The next school was brighter inside.  A citizen in the community told me she had had the room papered at her own expense because the trustees refused to act.  It was clean and tidy.  But when I investigated the basement to look at the furnace, I sank into mud.  There would be no fire in that school until that basement swamp was drained.

There was no fire at the next school.  And three little windows allowed a minimum of light to penetrate the gloom.  The building needed painting years ago, and still does.  But the yard was neat.

At the fourth school, pupils had assembled but were shivering.  I lit the fire, and the youngsters huddled around to get warm.  The stove was a relic of some early age, battered and broken.  The little flames wriggled out of their prison and made shadows dance on the floor.

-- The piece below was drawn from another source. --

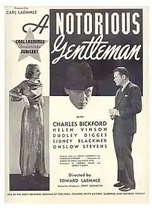 A Notorious Gentleman is a 1935 American drama film directed by Edward Laemmle and written by Leopold Atlas, Rufus King and Robert Tasker. The film stars Charles Bickford, Helen Vinson, Onslow Stevens, Dudley Digges, Sidney Blackmer and John Darrow. The film was released on January 21, 1935, by Universal Pictures.[1][2][3] The film was remade in 1946 as Smooth as Silk.

THE FIRST WARM SCHOOL I came to harbored a squadron of flies.  They buzzed through the unscreened windows and the teacher told me only the chilly weather had brought them relief from mosquitoes.

The walls were a grimy brown and paint had peeled in long slivers.  The ceiling was filthy.
The outdoor toilets were shattered beyond repair – or use.

An imposing yellow school loomed ahead.  It had been painted recently, and the teacher and pupils took pride in it.  The room was tidy, even though the playground weeds were knee-high.  The boys were playing softball, using an improvised club for a bat.
The seventh school had been attended to this summer.  The inside was painted white and the desks shone with yellow paint.  It too, was buzzing with flies and the little stove in the centre issued an insufferable heat.

And finally, I visited a school recognizable as such only by the flag pole.  It was a battered shack, measuring no more than 12 by 20 feet.  Into it were crowded 25 eager students, somehow progressing despite the aura of despair.

I WONDERED how boys and girls could tolerate such oppressive environments, and what incentive they had to brighten their own homes.

But even more, I wondered how some of the teachers I met could make pupils zealous for knowledge.
I listened to one teacher handle a reading lesson.  They took a single paragraph from a story, and shattered the meaning into definition of words.  Little wonder that eyes became glazed with boredom.

And when eight grades are taught in one room, how do any but the most hardy refrain from eavesdropping on other classes?  What a tangled mess of information those frail young minds have to cope with!

Libraries were meagre, and one permit teacher confessed to me how inadequate she felt because she couldn’t get trustees to supply her with background material.  She didn’t know the subject herself and was at a loss to teach it.

IN MY ONE-DAY TOUR I caught a glimpse of the fruits Manitoba has reaped from decades of stupidity.  Until teaching receives the prestige it requires and the salaries it is entitled to, great minds and strong characters will never be attracted to the profession.
Many Manitoba children are floundering in our schools, yet our orators vainly boast that on them will be built the democracy of the future.  When the war releases young people for teaching and materials for building, I hope they will be lured to rural Manitoba.